コーマック・マッカーシー/ザ・ロード
(黒原敏行・訳 早川書房 2008年)



Amazon.co.jp : ザ・ロード

<ストーリー>
人類も動物もほとんど死に絶えてしまった世界。
常に厚い雲がたれこめ、冷たい灰が降り注ぐ毎日。
厳しい寒さから逃れるため、南へ旅をする父と息子。
スーパーのカートに全財産を積み、灰色の世界をひたすらに歩く。


今日は東京へ出張でした。
明日も仕事なので、日帰り出張の強行軍。
新幹線で東京駅に着いて、地下のコンコースを歩いて目的地の国際フォーラムへ。
用事が済めばまた地下を歩いて新幹線に乗って帰りました。
久しぶりの東京なのに、結局お天道様すら拝みませんでした(まあ、拝んでも暑いですけど)
なんだか悲しいなあ・・・何しに東京まで行ったんだろ、ボク(仕事じゃ!)。

それにしても、普段田舎に住んでいると、東京の人の多さには毎回驚きます。
だからというわけですが、今日は人がちょっとしか出てこない小説を。
全米で170万部を売った大ベストセラーだそうです。


 コーマック・マッカーシー「ザ・ロード」


そもそもなぜ人類が(動物も)滅びたのかは、ほとんど説明されません。
最初は核戦争後の「核の冬」かと思ったのですが、放射線障害に関する記述がまったくないところを見ると、巨大隕石落下なのかも。

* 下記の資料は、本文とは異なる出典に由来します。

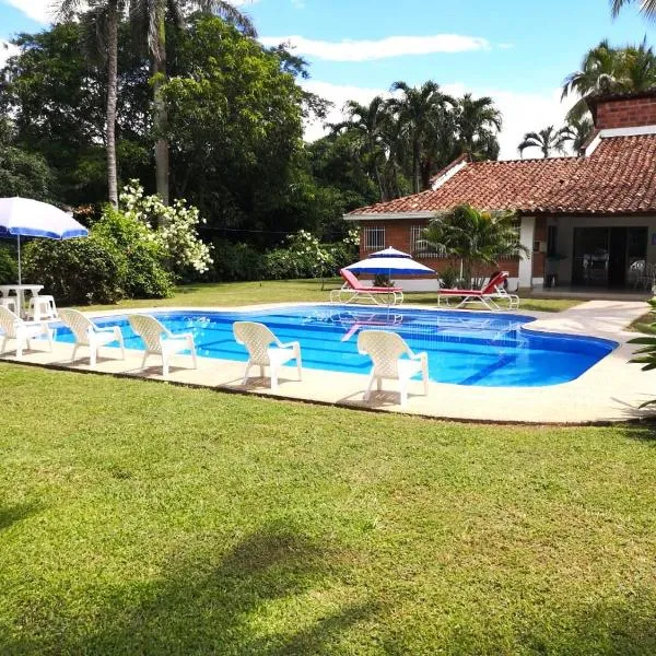 Cabaña en Santa Fe de Antioquia坐落于圣菲德安蒂奥基亚,提供户外游泳池,距离卡纳洛亚水上乐园有5公里。这家自助式度假屋拥有私人泳池、花园和免费私人停车位。 这家空调度假屋提供1间卧室,配有3间带浴缸或淋浴设施和热水浴池的浴室。这家度假屋配备花园景,也配备平板电视、厨房和3间浴室。 这家度假屋的客人可以使用热水浴池。 奥拉亚·埃雷拉机场距离住宿有60公里。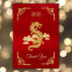 Tarjeta de agradecimiento elegante del Año Chino del Dragón Rojo y Dorado. Voltea la tarjeta y utiliza las herramientas de diseño para personalizar tu texto.
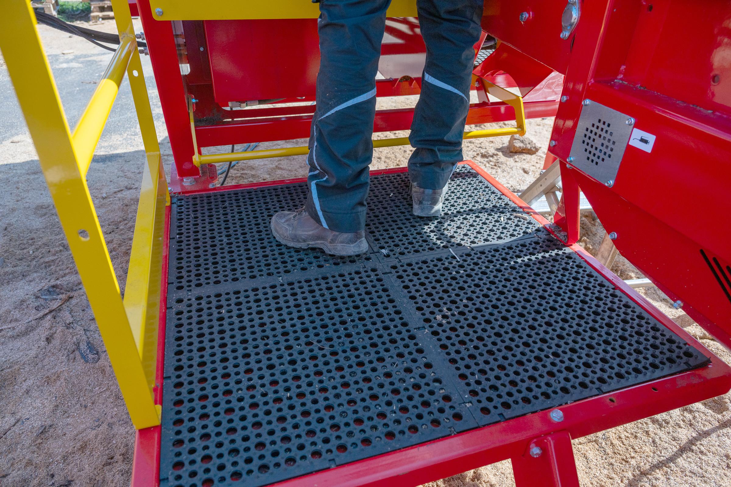 • En option, possibilité d’ajouter un tapis d’évacuation de 4, 5 ou 6 m orientable hydrauliquement de +/- 90° et réglable en hauteur de 2,50 à 3,65 m.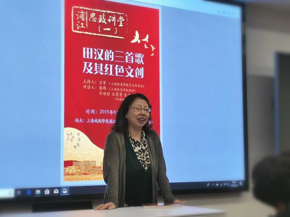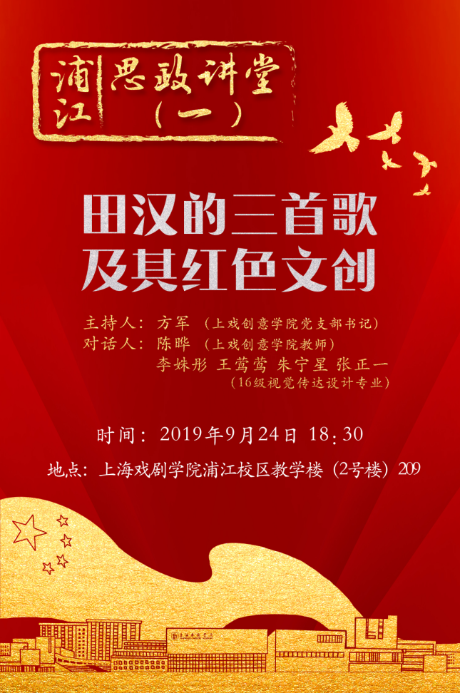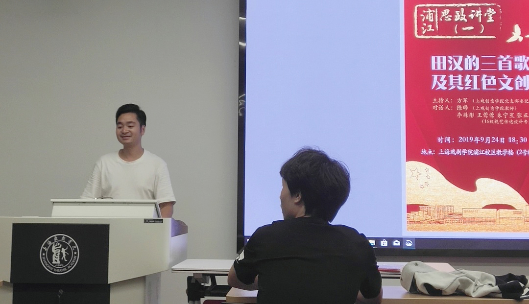 924日晚,创意公司党支部书记方军,视觉传达设计专业教师陈晔,辅导员陈龙,16级视觉传达设计专业员工李姝彤、王莺莺、朱宁星、张正一,17级数字媒体艺术专业员工程宇硕等在浦江校区,为19级数字媒体艺术、艺术管理两个专业的同学带来了“浦江思政讲堂”第一讲,主题是《田汉的三首歌及其红色文创》。
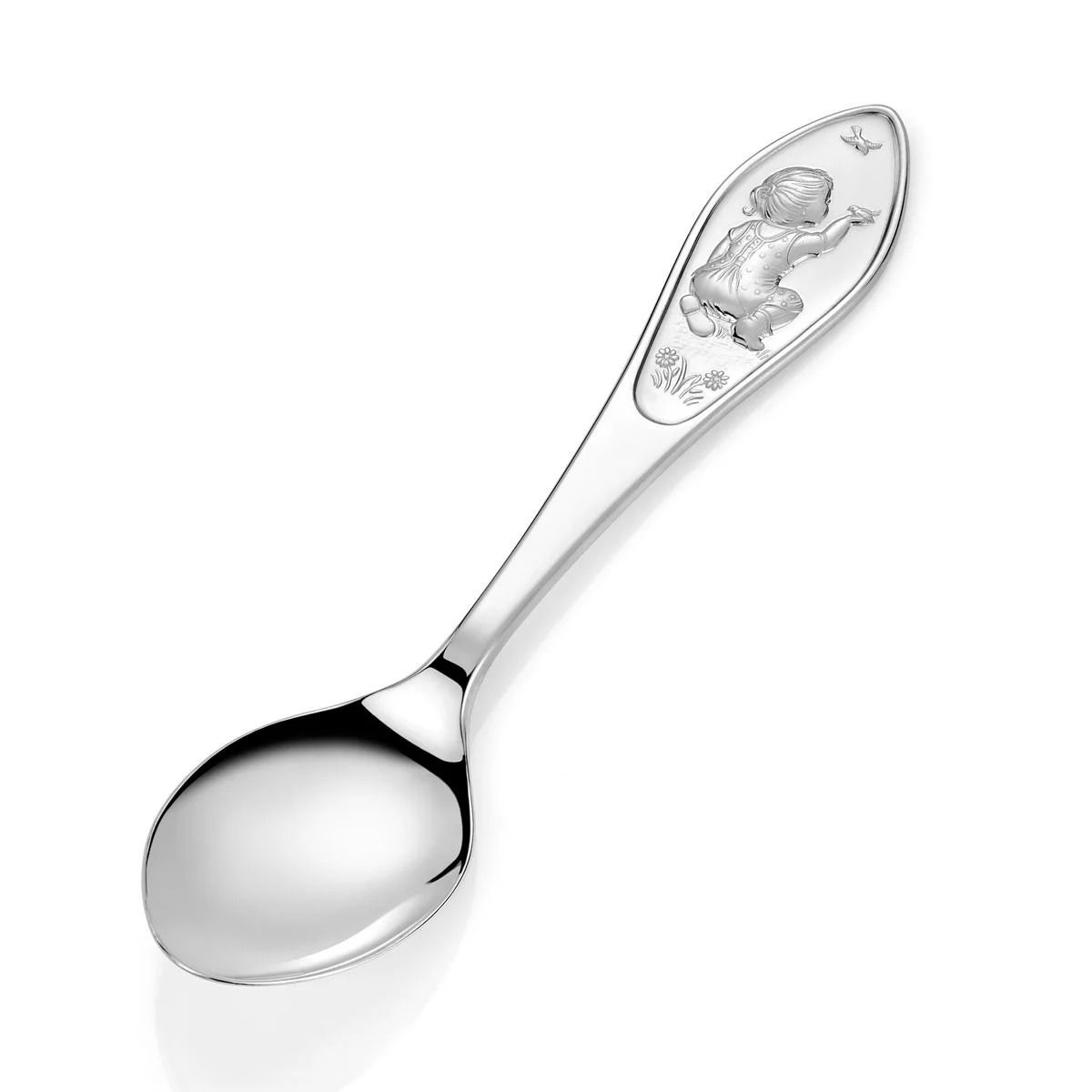 Skje i stål med motiv i sølv og ekte emalje. Kan graveres med navn og dato. Lengde: 14 cm.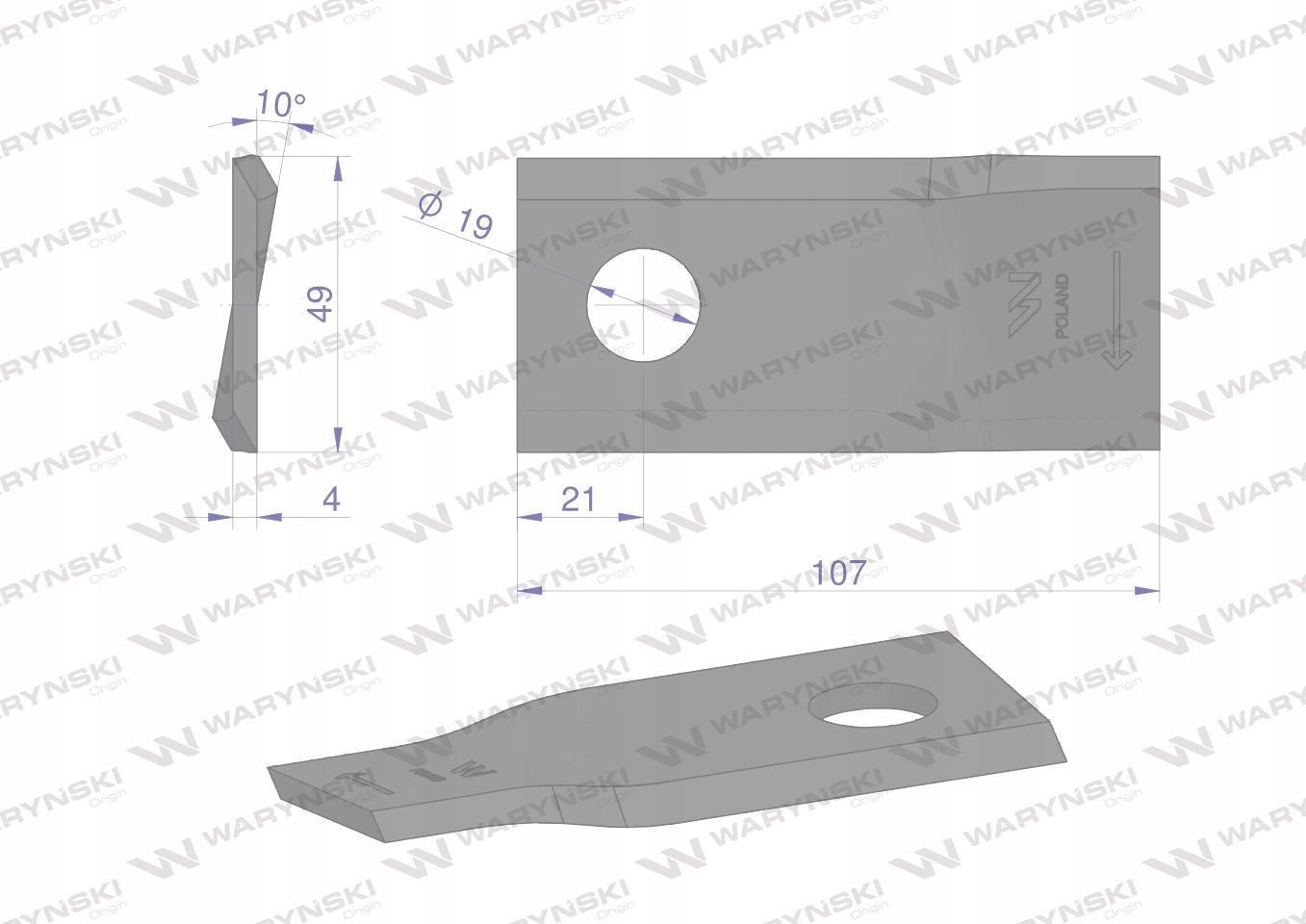 Nóż. nożyk kosiarka prawy 107x50x4mm otwór 19 zastosowanie 570684 Niemeyerl WARYŃSKI ( sprzedawane po 25 ) [WKR107X48X4P]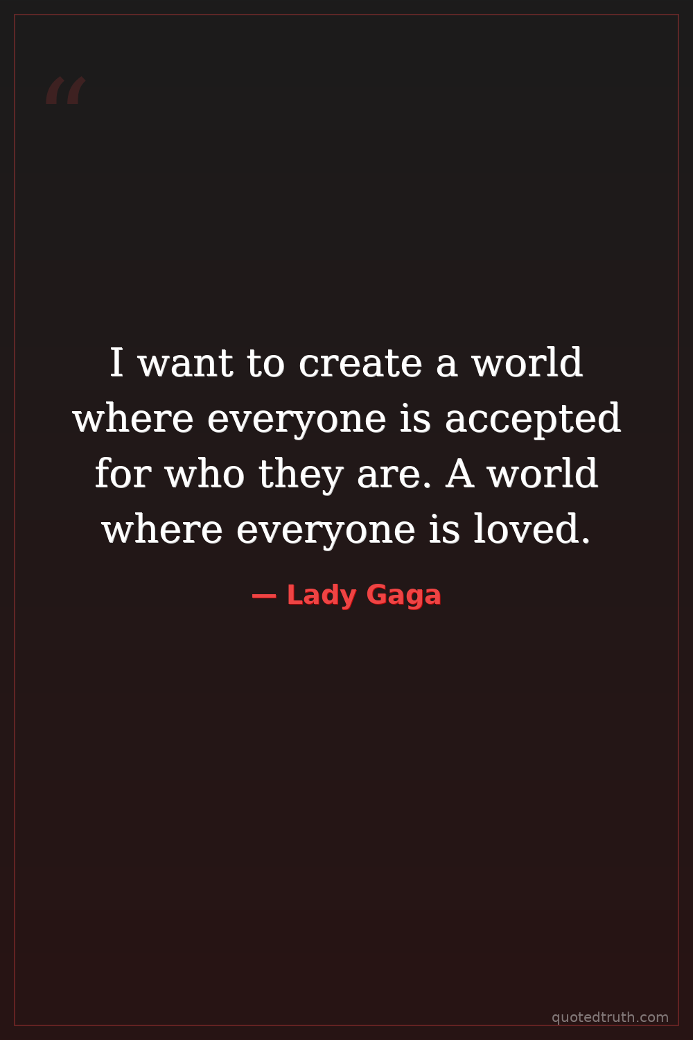 I want to create a world where everyone is accepted for who they are. A world where everyone is loved.

でも、それはおそらくどうでも良いこと・・・と言っては語弊がありますが、
作者が書きたかったのは、人類の滅亡ではなくて、父と息子の情愛でしょう。

住宅や店舗にわずかに残った食料を奪い合う人間たち。
それどころか、他人を殺してその肉を食らう者たちも。
なのでふたりは、他の人間たちから逃げ隠れながら旅をします。
父は拳銃を片時も離しませんが、それは他人を傷つけるためというよりは、人食いどもの手に落ちたとき、ひとおもいに息子を死なせてやるため。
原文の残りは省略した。